Litwack v. Plaza Realty Investors

The coincidence of the decisions in the two cases with different results led to reconsideration of the lower court case which was at variance with the one decided by the appellate division. As a result, the decisions were reconciled and the Litwack action was dismissed based on Beck. Despite this reconciliation, which provides that actual knowledge or notice of a mold condition itself is required to impose liability on a landlord, a landlord’s liability for mold conditions remains an emerging legal issue and further decisions can be expected. In the interim, steps can be taken by co-op and condo managers and boards to control both damage and liability. Preventive maintenance and prompt and appropriate remediation, using experienced specialists where indicated, are key. Identifying and repairing the source of water leaks will prevent recurrence

The Habitat “Case Notes” for June 2005 discussed two cases involving mold conditions in New York City apartments. Shortly after that column appeared, the court, in Litwack v. Plaza Realty Investors, changed its decision and dismissed the complaint on the ground that the defendants did not have actual or constructive notice of the condition at the premises that caused Litwack’s injuries. The decision on reargument follows.

The plaintiff was formerly a tenant at 200 East 33rd Street, Apartment 30G, in New York City, owned and managed by the defendants. She claimed that she suffered personal injuries from a toxic mold condition at the premises from April 1999 to July 2001, when she moved out. She said that the condition was caused by water leaks. The defendants moved for summary judgment, asserting that they did not have notice of the alleged toxic mold condition. That motion was denied.

The defendants then moved to renew and reargue based upon the recent decision of the appellate division in Beck v. J.J.A. Holding Corp. , decided on November 16, 2004, several days after the order in this case (discussed in the June 2005 “Case Notes”). They asserted that Beck, also a toxic mold case, supported their position that Litwack could not set forth a prima facie case of negligence, because it was undisputed that the defendants did not have notice of the mold condition until four months after she vacated the premises. Litwack contended that Beck was inapplicable.

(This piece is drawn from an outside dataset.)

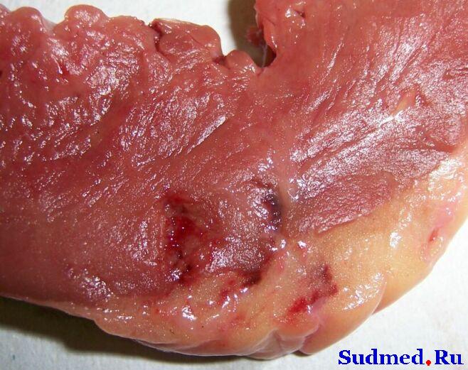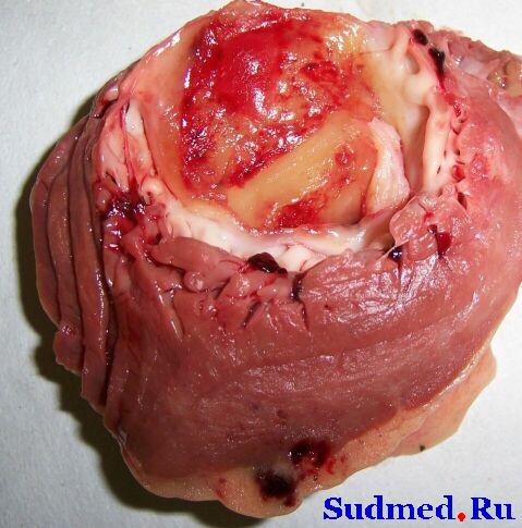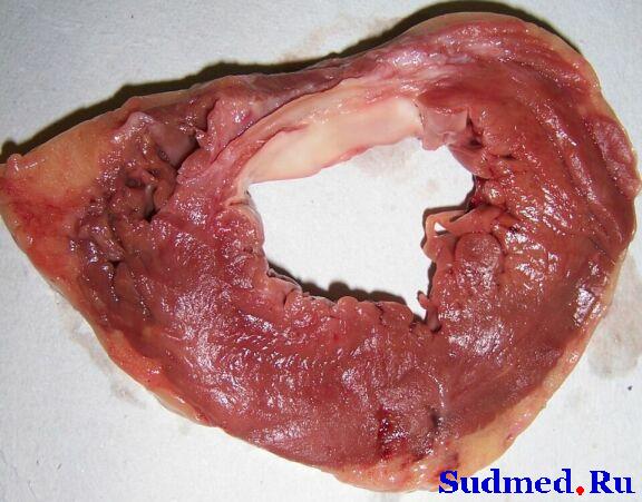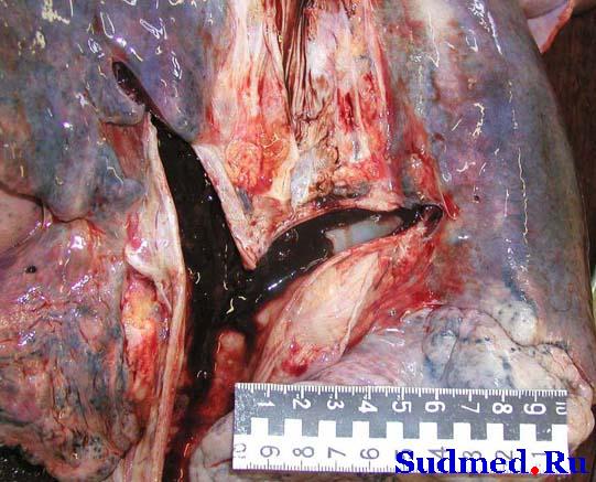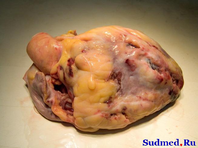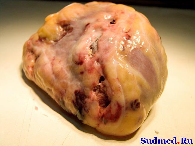 У меня вчера - тоже сердце (и то же без масштаба). М., 70 лет. Рак recrum с массивными метастазами в легкие ("нафаршированы"). Одиночный выстрел в грудную клетку из двуствольного ружья. Входная рана по левой среднеключичной линии в 4-м межреберьи; выходная - по задней подмышечной на таком же горизонтальном уровне. Раневой канал распространяется через левую плевральную полость с повреждением нижней доли легкого. Пневмоторакса и гемоторакса нет из-за полной облитерации плевральной полости. Наружное кровотечение небольшое. Смерть на МП (точное время переживания не известно, но измеряется либо минутами, либо десятками минут; судя по следам крови после выстрела тело не перемещалось). Перикард не поврежден. В клетчатке переднего средостения кровоизлияний нет. В полости сердечной сорочки крови нет. В миокарде, в области верхушки и передней стенки - единичные крупноточечные кровоизлияния. Вывод о причине смерти - острая сердечная недостаточность в следствии ушиба сердца, вызванного огнестрельным ранением грудной клетки. (Микропрепаратов не будет - у гистологов нет нужного оборудования). |

This court granted renewal, and, upon doing that, granted the defendants’ motion for summary judgment, dismissing the complaint. It said that, in Beck, the court, for the first time, had clarified the issue of the landlord’s duty in a case where the tenant was alleging a mold condition in the premises caused personal injuries. In that case, the plaintiff’s apartment was flooded in September 1998, severely damaging the floor and the walls. The defendant landlord, at the plaintiff’s request, repainted the premises, and the plaintiff replaced the carpeting. The plaintiff claimed that afterwards, as a result of the flooding, hazardous mold contaminated her apartment. She alleged that, because it was foreseeable that water seeping into the walls would cause a dangerous accumulation of mold, the landlord breached its duty to maintain the premises in a safe condition by failing to abate the mold. She testified at her deposition that she was not aware of the mold condition until she received a report from Johns Hopkins Hospital in November 1999. She then moved out in December 1999.

In moving for summary judgment, the defendants argued that they did not create the condition, and had no actual notice of it prior to November 1999. They also contended that they did not have sufficient time to remedy the situation before the plaintiff moved out. The plaintiff then asserted that there was discoloration on the walls, which, along with the defendants’ knowledge of the water damage, should have put defendants on notice of the likelihood of mold contamination.

In affirming the lower court’s dismissal, the court held that Litwack failed to meet her burden to show that the defendants had either created or had actual notice of the mold hazard, and also failed to establish any other act or omission by the defendants which could have caused her respiratory ailments. It reiterated the lower court’s finding that the landlord did not have an ongoing duty to monitor the premises for the possible development of environmental hazards.

As in Beck, the defendants had demonstrated that they were first notified of the hazardous mold condition in November 2001, when Litwack’s attorney sent them a letter, demanding damages and remediation. This was four months after the plaintiff had moved out of the apartment.

At her deposition, the plaintiff admitted that she did not discuss her concerns with the defendants that there might be an environmental problem with the premises. There was an insufficient time period in which the defendants could be charged with constructive notice. The court said that Litwack’s evidence of the notice of water leaks and brownish spots on the dining room wall were insufficient to create notice. As the court in Beck found, the court here held that the defendants did not have an ongoing duty to monitor Litwack’s apartment for the possible development of an environmental hazard. Therefore, the defendants’ motion for summary judgment was granted and the claims for negligence were dismissed.